If certain fields use the same value of extent and/or direction then the same variable, or literal value can be provided.

For example:

call invoke(kernel1(field1, field2, extent,  field3, extent, direction), &
            kernel2(field1, field2, extent2, field4, extent, direction))

In the above example field2 and field3 in kernel1 and field4 in kernel2 will have the same extent value but field2 in kernel2 may have a different value. Similarly, field3 in kernel1 and field4 in kernel2 will have the same direction value.

An example of the use of stencils is available in examples/lfric/eg5.

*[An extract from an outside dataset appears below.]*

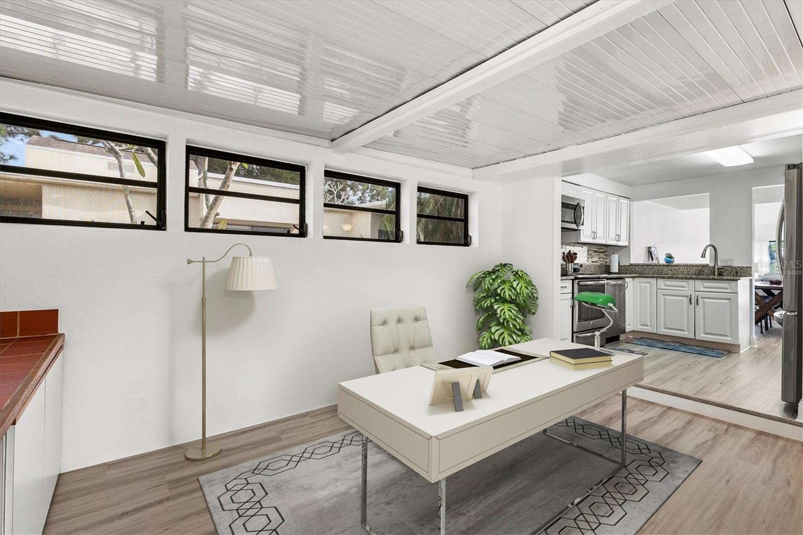 One or more photo(s) has been virtually staged. Captivating Views on Crispin Court. Located within the sought-after community of The Meadows in Sarasota, this beautifully remodeled THREE-BEDROOM, two-bath villa offers 1,608 square feet of thoughtfully designed living space, along with a versatile bonus area ideal for a home office, study, or flexible living needs—a feature not typically found in Meadowlake units. The A/C and hot water tank were REPLACED in 2022. This residence enjoys UNOBSTRUCTED WATER-VIEWS from the downstairs primary bedroom, living room, and an upstairs bedroom, all complemented by a picturesque golf course fairway in the distance, creating a serene and private setting. The two-story floor plan features a first-floor primary suite with an UPDATED en-suite bathroom and ample closet space. The spacious living and dining areas showcase VAULTED CEILINGS, enhancing openness, natural light, and the home’s connection to the outdoors. Upstairs, two additional bedrooms provide comfort and privacy, ideal for guests or added flex space. The kitchen is well-appointed with granite countertops, abundant cabinetry, generous storage, a newer refrigerator, and a pantry, offering both functionality and timeless appeal. NEWLY INSTALLED luxury vinyl flooring runs throughout the home, while the entire interior has been freshly painted, providing a clean, move-in-ready presentation. Just beyond the living space, a screened-in lanai offers an inviting open-air seating area, perfect for morning coffee, evening relaxation, or enjoying peaceful water views—an ideal extension of the indoor-outdoor lifestyle. The surrounding landscape, both around the home and throughout The Meadows, feels more like a park with homes rather than a dense subdivision. Residents enjoy an active, amenity-rich lifestyle spanning over 1,650 acres of mature oak canopies, scenic lakes and waterways, golf courses, tennis courts, new pickleball courts, a fitness center, 14 miles of walking and bike trails, and a junior Olympic-size community pool. The Meadowlake neighborhood also offers TWO PRIVATE POOLS. Conveniently located near shopping, dining, cafés, University Towne Center (UTC), Mote Marine Aquarium, cultural attractions, and approximately 13 miles to Sarasota’s renowned beaches, this villa offers comfort, lifestyle, and an exceptional location. Schedule your private showing today to experience the setting, views, and quality this Meadowlake villa offers—an exceptional opportunity within one of Sarasota’s most established communities.

There is currently no attempt to perform type checking in PSyclone so any errors in the type and/or position of arguments will not be picked up until compile time. However, PSyclone does check for the correct number of algorithm arguments. If the wrong number of arguments is provided then an exception is raised.

For example, running test 19.2 from the LFRic API test suite gives:

cd <PSYCLONEHOME>/src/psyclone/tests
psyclone test_files/dynamo0p3/19.2_single_stencil_broken.f90
"Generation Error: error: expected '5' arguments in the algorithm layer but found '4'.
Expected '4' standard arguments, '1' stencil arguments and '0' qr_arguments'"

Inter-grid

From the Algorithm layer, an Invoke for inter-grid kernels (those that map fields between grids of different resolution) looks much like an Invoke containing general-purpose kernels. The only restrictions to be aware of are that inter-grid kernels accept only field or field-vectors as arguments and that an Invoke may not mix inter-grid kernels with any other kernel type. (Hence the second, separate Invoke in the example Algorithm code given at the beginning of this Section.)

Mixed Precision

The LFRic API supports the ability to specify the precision required by the model via precision variables. To make use of this, the code developer must declare scalars, fields and operators in the algorithm layer with the required LFRic-supported precision. In the current implementation there are two supported precisions for REAL data and one each for INTEGER and LOGICAL data. The actual precision used in the code can be set in a configuration file. For example, INTEGER data could be set to be 32-bit precision. As REAL data has more than one supported precision, different parts of the code can be configured to have different precision.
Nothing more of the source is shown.